ロロが走りながら、影の触手を扉の取っ手に巻き付け、一気に扉を開け放つ。
リリアナは、脇目も振らず、神殿の奥へと駆けてゆく。
開いた扉から、中を見る、一同。
ティナ・シールが立ち尽くし。
ムラサメが、目を伏せる。
がしゃどくろが、固まる。
アイが、目を見開く。
ロロはいつの間にか、その場で膝を付いていた。
神殿の最奥。
大きな白蛇の土地神様の像。
その手前に。
鋭く尖った、巨大な氷塊。
その根元では、リリアナが茫然としている。
氷塊は、大量の血に塗れていた。
ロロは、氷塊の先端を見上げる。
そこには、氷塊に胸を貫かれた。
デイズの、死体があった。
ロロは、氷塊へと近寄る。
見上げれば、愛しい妻の、動かなくなった身体。
「デ、イズ……」
ロロは、呟いた。
それしか、できなかった。
その瞬間、反射的に考えたのは、デイズを眷属にすること。
だが、すぐに思い出す。
眷属は、もうこれ以上作れない。
相手がただの一般市民ならば可能かもしれないが、デイズは最早、英雄の域に達している。
そのデイズを眷属にできるほどのキャパシティは、もうない。
そこに、後ろからロロを抱きしめる、あたたかいなにか。
肩越しに振り向くと、リリアナとティナ・シールが、いてくれた。
アイも、ロロの肩の上に止まり、潤む瞳でロロを見つめている。
ティナ・シールが言う。
「ロロ様。
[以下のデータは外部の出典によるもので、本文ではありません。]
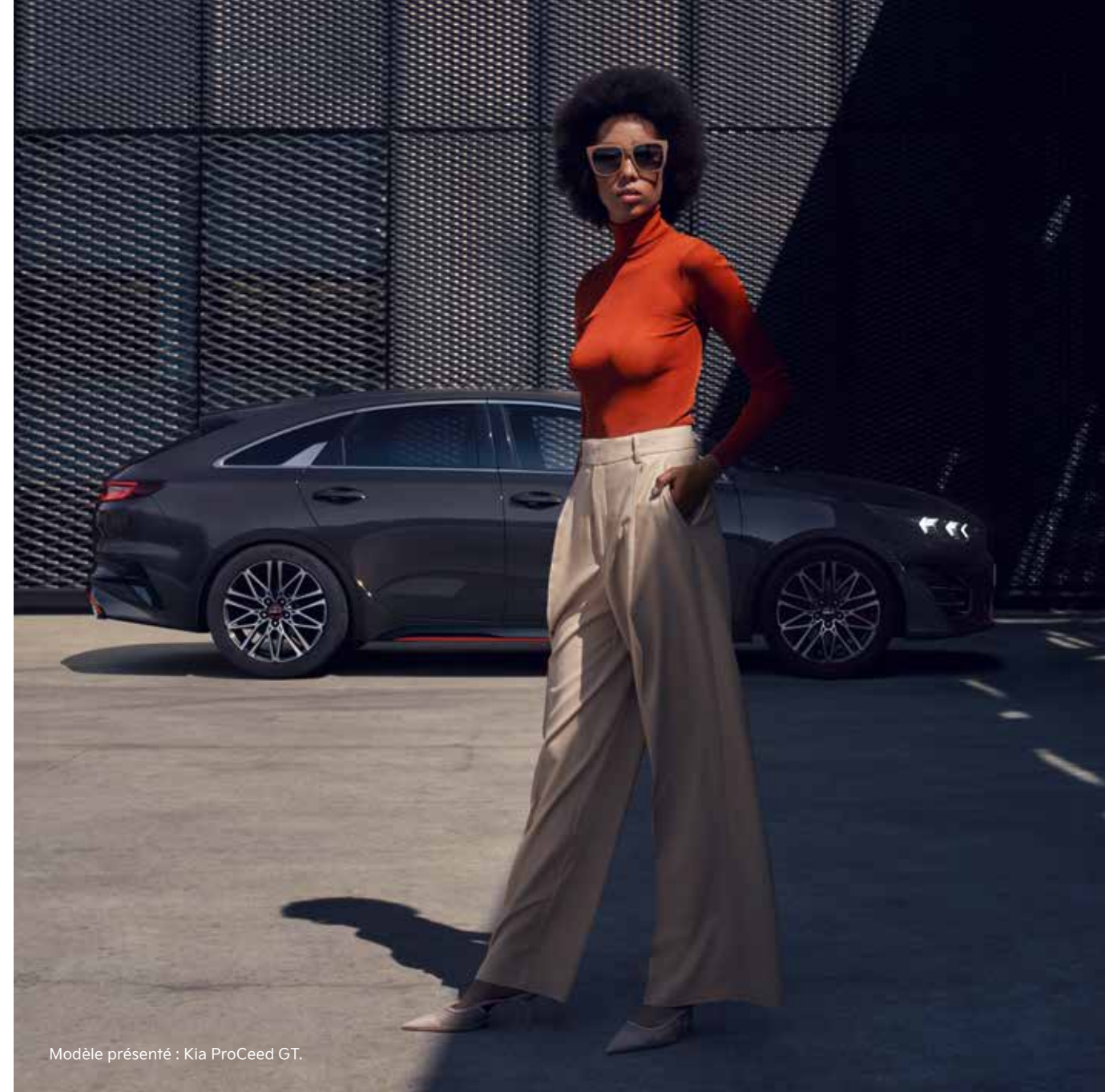
Modèle présenté : Kia ProCeed GT.

デイズさん、降ろしてあげましょう。
あんな、あんなところに、いさせるなんて……」
ロロの背中に抱き着き、涙を流す、ティナ・シールとリリアナ。
ロロは、氷塊を見上げる。
そしてロロは、細い触手を数本、影から出した。
それは、血に塗れた氷塊を伝い。
デイズの元へと辿り着く。
そっと、そっと、持ち上げる。
もうこれ以上、傷つかないように。
触手の上に乗せられ、ゆっくりと降りてくる、デイズの遺体。
血の気の無い、青白い肌。
学園の制服の白いブレザーは、血で汚れてしまっている。
口からも血が流れていた。
ロロは、その腕の中にデイズを受け止める。
ロロは黙って、デイズを見ていた。
ロロたちは、神殿の中から歩み出る。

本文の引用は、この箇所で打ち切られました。